This study spatially assesses the impact of trees on residential rooftop solar energy potential using urban three-dimensional models derived from Light Detection and Ranging(LiDAR) data in San Francisco, California. In recent years on-site solar energy generation in cities has become an essential agenda in municipal climate action plans. However, it can be limited by neighboring environments such as shade from topography, buildings and trees. Of all these effects, the impact of trees on rooftop photovoltaics(PVs) requires careful attention because improper situation of solar panels without considering trees can result in inefficient solar energy generation, tree removal, and/or increasing building energy demand and urban heat island effect.
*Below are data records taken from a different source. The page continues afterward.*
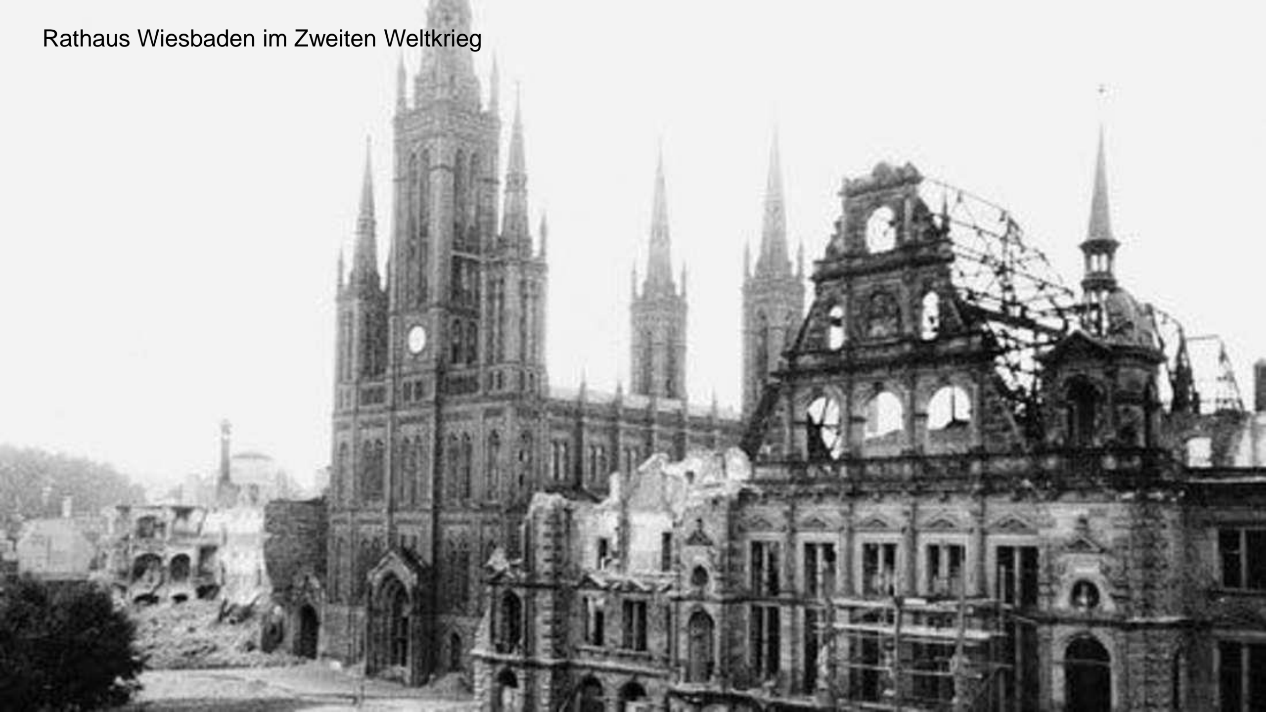
Rathaus Wiesbaden im Zweiten Weltkrieg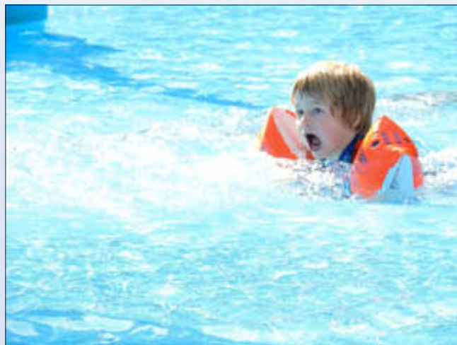
Mit Schwimmflügeln ist das Planschen sicher und macht Spaß

Leider kann fast ein Drittel aller Kinder unter 14 Jahre nicht schwimmen!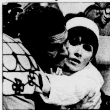
«Les Martin» de Richard Pérusse, JEUDI à 22 h 15.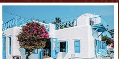
SON TRA MARINA CAFE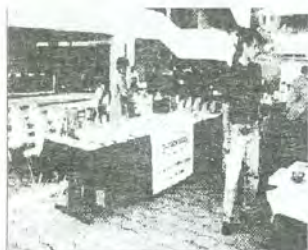
Expositores en la Feria.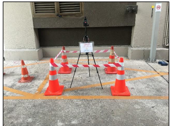
ภายในโรงแรมบลิสตัน สุวรรณ พาร์ควิว (พิกัด : 13°44'31.9" N, 100°32'44.0" E)

รูปที่ 3-2 (ต่อ) แสดงการตรวจวัดระดับเสียงโดยทั่วไปและระดับเสียงรบกวน โครงการ Tonson One Residence (ต้นสน วัน เรสซิเดนซ์) (ระยะก่อสร้าง) เดือนกรกฎาคม-ธันวาคม 2565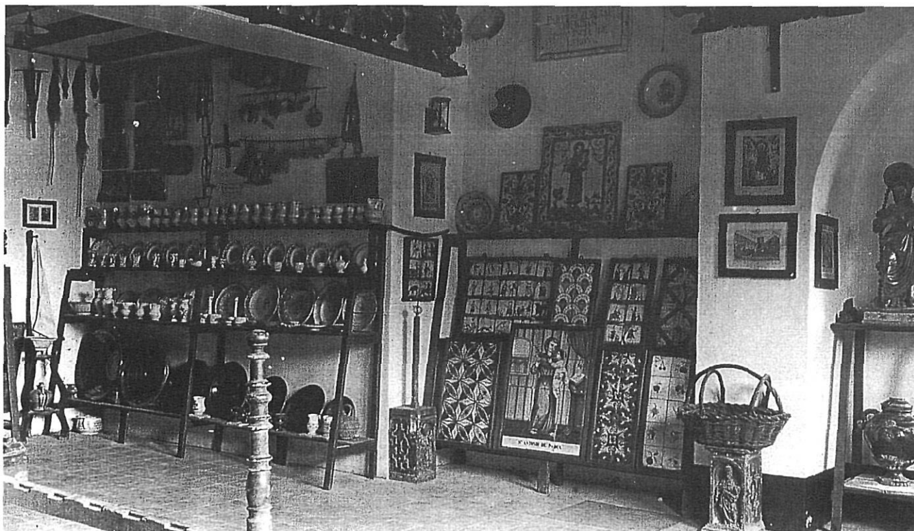
L'antic Museu Folkloric de Ripoll, actual Museu Etnogràfic de Ripoll (MER), en una fotografia de 1933.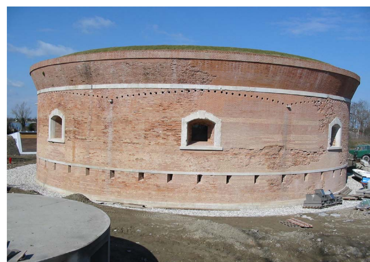
La Torre Massimiliana dopo il restauro architettonico effettuato dal Magistrato alle Acque

Compito principale dell'Istituzione "Parco della Laguna" è, inoltre, la valorizzazione ambientale e socioeconomica dell'area della Laguna Nord compresa nel perimetro proposto dall'Amministrazione comunale per la costituzione del PARCO DI INTERESSE LOCALE (ai sensi della L.R. 40/1984). Questo attraverso la definizione e la promozione di usi compatibili con la salvaguardia delle valenze naturalistiche, archeologiche, storiche e culturali dei luoghi.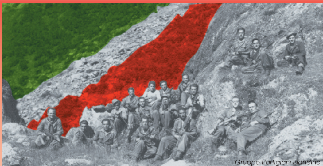
Gruppo Partigiani Blandino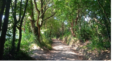
Bosque La Plata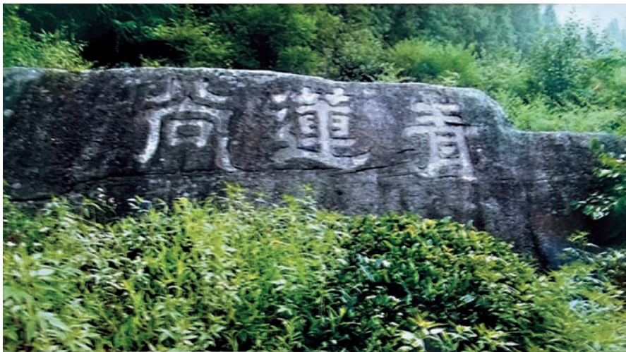
五老峰下 青蓮谷刻石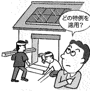
図表1 税額控除の種類

個人が、住宅の新築や購入又は増改築等を行った場合、一定の要件を満たす時には、五種類ある税額控除のいずれかを適用することによって、居住の用に供した年分以後の各年分の所得税額から一定金額を控除することができます。 ただし、どの税額控除を適用するか判断が難しいところがありますので、今回、ポイントを整理してみます。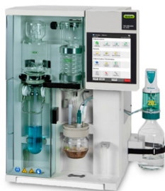
KjelMaster К-375 Паровая дистилляция и титрование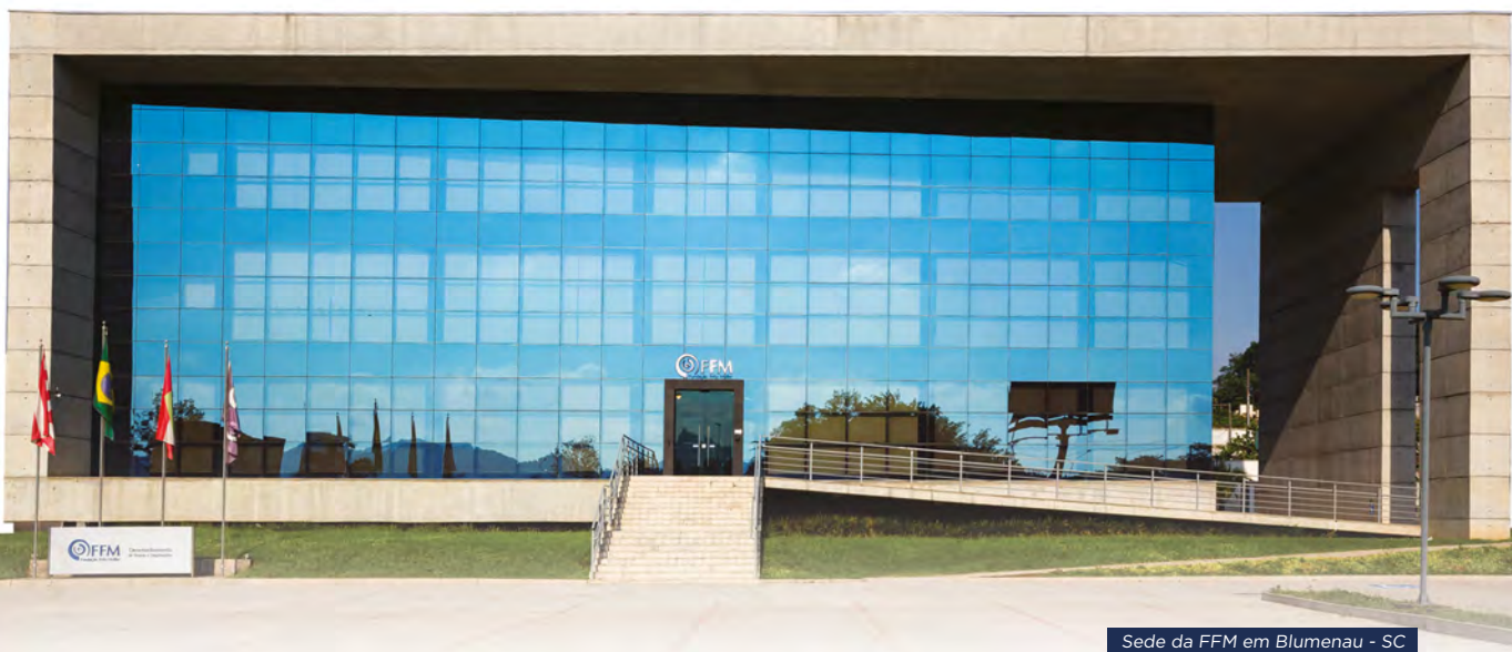
Sede da FFM em Blumenau - SC

Essa rede permite o acesso a modernas ferramentas de gestão, troca de experiências e geração conjunta de conhecimento.

Using ArcMap 9.3.1, we calculated the incoming annual solar radiation on individual rooftops in San Francisco and the reduced insolation affected by trees. Furthermore, we performed a multiple regression analysis to see what attributes of trees in a neighborhood(tree density, tree heights, and the variance of tree heights) affect rooftop insolation. The result shows that annual total residential rooftops insolation in San Francisco is 18,326,671 MWh and annual total light-loss reduction caused by trees is 326,406 MWh, which is about 1.78%. The annual insolation shows a wide range of values from $34.4kWh/m^2/year$ to $1,348.4kWh/m^2/year$. The result spatially maps the locations that show the various levels of impact from trees. The result from multiple regression shows that tree density, average tree heights and the variation of tree heights in a neighborhood have statistically significant effects on the rooftop solar potential. The results can be linked to municipal energy planning in order to manage potential conflicts as cities with low to medium population density begin implementing on-site solar energy generation. Rooftop solar energy generation makes the best contribution towards achieving sustainability when PVs are optimally located while pursuing the preservation of urban trees.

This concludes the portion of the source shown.